Stored items from a collection:
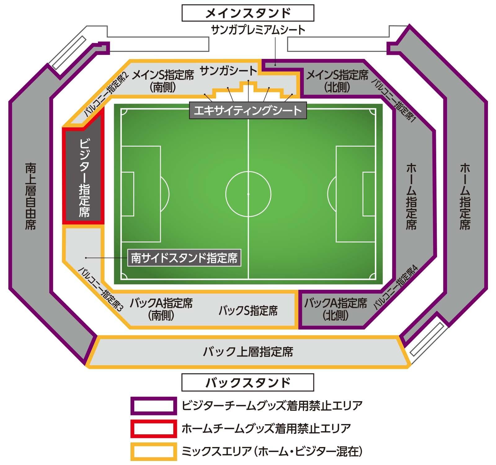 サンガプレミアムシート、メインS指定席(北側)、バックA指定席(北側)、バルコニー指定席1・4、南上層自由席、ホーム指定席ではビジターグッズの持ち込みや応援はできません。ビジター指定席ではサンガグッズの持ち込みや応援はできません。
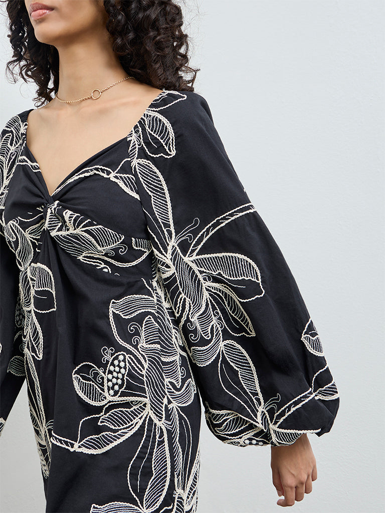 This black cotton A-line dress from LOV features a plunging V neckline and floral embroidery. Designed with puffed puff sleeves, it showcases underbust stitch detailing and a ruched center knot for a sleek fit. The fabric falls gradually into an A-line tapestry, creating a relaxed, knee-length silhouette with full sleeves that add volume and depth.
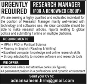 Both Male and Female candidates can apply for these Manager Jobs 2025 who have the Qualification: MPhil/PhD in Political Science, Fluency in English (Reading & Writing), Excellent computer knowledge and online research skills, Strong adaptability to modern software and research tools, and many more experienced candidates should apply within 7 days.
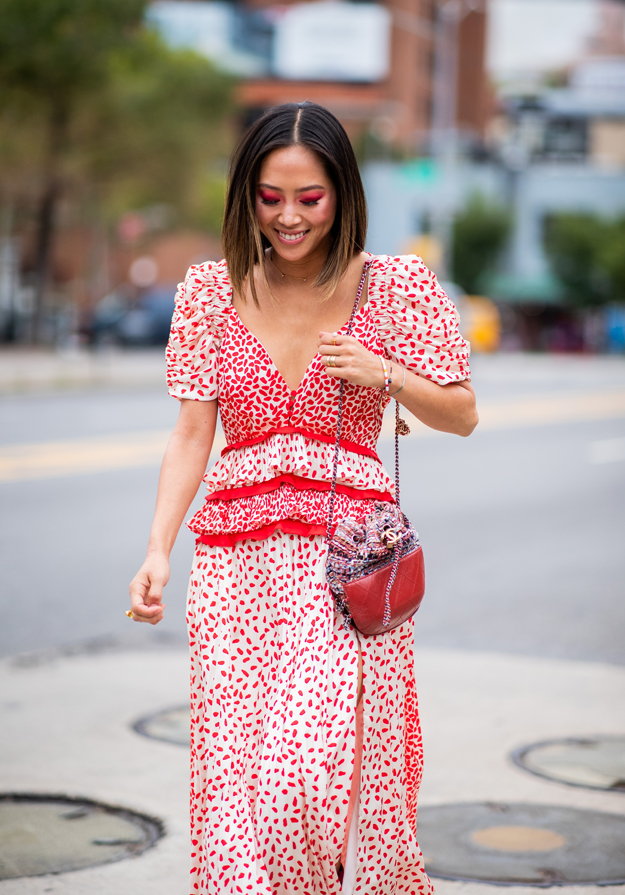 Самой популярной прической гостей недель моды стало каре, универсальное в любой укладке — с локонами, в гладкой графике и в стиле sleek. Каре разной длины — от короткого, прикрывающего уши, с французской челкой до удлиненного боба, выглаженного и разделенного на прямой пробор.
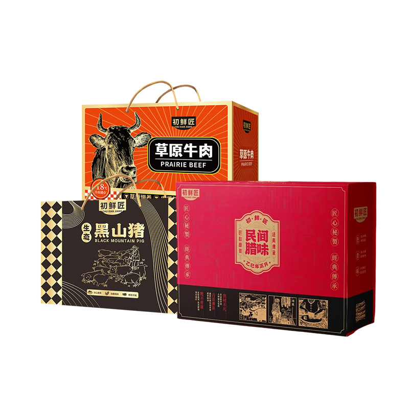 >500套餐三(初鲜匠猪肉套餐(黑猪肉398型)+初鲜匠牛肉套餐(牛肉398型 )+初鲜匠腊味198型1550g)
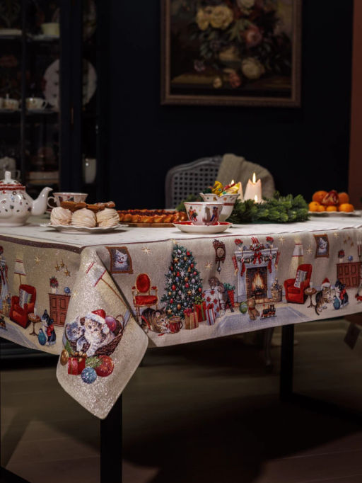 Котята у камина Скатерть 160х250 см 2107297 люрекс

*WORK TASK:* Transcribe all the lines above exactly, apart from the pictures.

*SOLUTION TO THIS PROBLEM:*
 サンガプレミアムシート、メインS指定席(北側)、バックA指定席(北側)、バルコニー指定席1・4、南上層自由席、ホーム指定席ではビジターグッズの持ち込みや応援はできません。ビジター指定席ではサンガグッズの持ち込みや応援はできません。
 This black cotton A-line dress from LOV features a plunging V neckline and floral embroidery. Designed with puffed puff sleeves, it showcases underbust stitch detailing and a ruched center knot for a sleek fit. The fabric falls gradually into an A-line tapestry, creating a relaxed, knee-length silhouette with full sleeves that add volume and depth.
 Both Male and Female candidates can apply for these Manager Jobs 2025 who have the Qualification: MPhil/PhD in Political Science, Fluency in English (Reading & Writing), Excellent computer knowledge and online research skills, Strong adaptability to modern software and research tools, and many more experienced candidates should apply within 7 days.
 Самой популярной прической гостей недель моды стало каре, универсальное в любой укладке — с локонами, в гладкой графике и в стиле sleek. Каре разной длины — от короткого, прикрывающего уши, с французской челкой до удлиненного боба, выглаженного и разделенного на прямой пробор.
 >500套餐三(初鲜匠猪肉套餐(黑猪肉398型)+初鲜匠牛肉套餐(牛肉398型 )+初鲜匠腊味198型1550g)
 Котята у камина Скатерть 160х250 см 2107297 люрекс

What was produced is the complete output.